Sir John Franklin commanding the Expedition. All well.
But the second part of the message was entirely alien. It seemed to Adams that two disparate people—the first calm, the second agitated and desperate—were confined together and given only a single piece of paper to write on. The lettering was thin and panicked, scratched quickly on the document. Something had gone awry. Men were dead. The tale had to be told, but there was no time. The first message was a casual salutation, the second a cry of anguish.
And start on tomorrow 26th for Back’s Fish River.
They sat outside the tent in a yellow light, surveying the remains of Franklin’s last campsite. An easterly wind carried the faint earthy smell of new lichen over the gravel. Adams rummaged in the bag of provisions.
“The cocoa is all gone,” he said. “And the tea is long finished. It shall have to be water with breakfast.” He handed two strips of reindeer meat to Billings.
“We cannot go after them,” Robinson said. “The note says they left a year ago. Back’s River is five hundred miles from Port Leopold. Even if we got that far and found Crozier, we could not get back to Port Leopold before the ice melts and Captain Ross sails off. I do not fancy being left here until a search vessel arrives next year.”
The wind dropped, and it was almost warm.
“It is over, then.” Adams’ head throbbed. His shoulders were raw from the track rope. He knew he should mourn Franklin and his men but instead felt cheated of a prize.
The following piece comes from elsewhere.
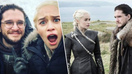 Семья Старков ещё вся в сборе. Это ли не повод радоваться началу семейной эпопеи длиною в 8 сезонов? Арья и Бран Старки, видимо, не очень довольны участью, которую подготовили для них сценаристы «Игры престолов». Если ты злодей Джейме Ланнистер, которого держат в заточении, это ещё не повод не отмечать свой день рождения. Когда снимали этот эпизод, актёр Николай Костер-Вальдау был именинником. Это только в сериале не все Ланнистеры хорошо ладят между собой. В жизни же у актёров тёплые отношения. А Лина Хиди и вовсе получила роль в «Игре престолов» благодаря актёру Питеру Динклэйджу. Артисты дружат в жизни, и Питер, сыгравший Тириона, предложил Лину на роль Серсеи. Бесстрашный Джон Сноу на драконе выглядит впечатляюще. А на съёмочной площадке эффектные кадры снимают так. Санса Старк не зря заметила, что для армии северян маловато еды. Видимо, по распоряжению королевы Севера в Винтерфелл завезли трактор для поднятия целины. Кажется, что суровых одичалых не испугать снегом. Но лидер вольного народа Тормунд не смог отказаться от такого инновационного изобретения, как зонт. Да, это Дейенерис Бурерождённая, Матерь Драконов, разрушительница оков, которая приводит в трепет соперников. Пусть в сериале волосы у неё в огне не горят, но это не значит, что и вода не нанесёт им никакого вреда. Эта милая парочка натворила много странных дел в Вестеросе. Отношения у Джона Сноу и Дейенерис Таргариен закончились печально, а в жизни актёры Кит Харингтон и Эмилия Кларк дружат. В сериале царит напряжённая атмосфера, но это не мешает актёрам делать между дублями забавные фотографии. Они тоже люди и могут радоваться окончанию рабочего дня.

Shame weighed upon him like chain mail. “I thought God had chosen me.”
Robinson’s response was terse. “If you must pity anyone, pity them, not yourself.”
“But we shall never find them now.” Adams’ chin dropped to his chest. He imagined the flat, empty land around them as the surface of a vast ocean, gently undulating and featureless. He floated upon it now, adrift and aimless, wishing the current to take him and cast him up on some distant shore far from this place.
Billings chewed his meat noisily. “Are we going home now?”
Robinson puffed on his pipe. He took a small bite from a strip of meat. “Do you think it likely there are records aboard Erebus and Terror ?”
Adams raised his head, frowning. “What records?”
“Journals, diaries. Messages like the one we found here. Surely there is more. What if Crozier abandoned the ships not because they were about to sink but only because they were stuck fast? He would have left a log or journal in case the ships were found before he was. If they were frozen in for two years, I have no doubt he would have written a full account.”
Adams stared at him. So Robinson had not abandoned the pursuit.
“But we do not know where the ships are.”
“We know where they were a year ago. They were five leagues north-northwest of this very spot. Crozier said so, right here.” Robinson brandished the message from the cairn.
“They would have drifted with the ice, or sunk,” said Adams. “Or perhaps Crozier got the coordinates wrong. Other parts of his message are little more than babble. Why trust that part?”
He sucked on a strip of reindeer flesh, afraid he would soon be spitting teeth into his palm if he did not soften the dried meat first. He tested an unsteady molar with his tongue, then guided the strip of meat to the opposite side of his mouth, where the teeth felt sturdier.
Robinson leaned forward, bringing his pallid face close to Adams’. The red mist of broken blood vessels behind pale-blue irises lent his gaze a hypnotic allure.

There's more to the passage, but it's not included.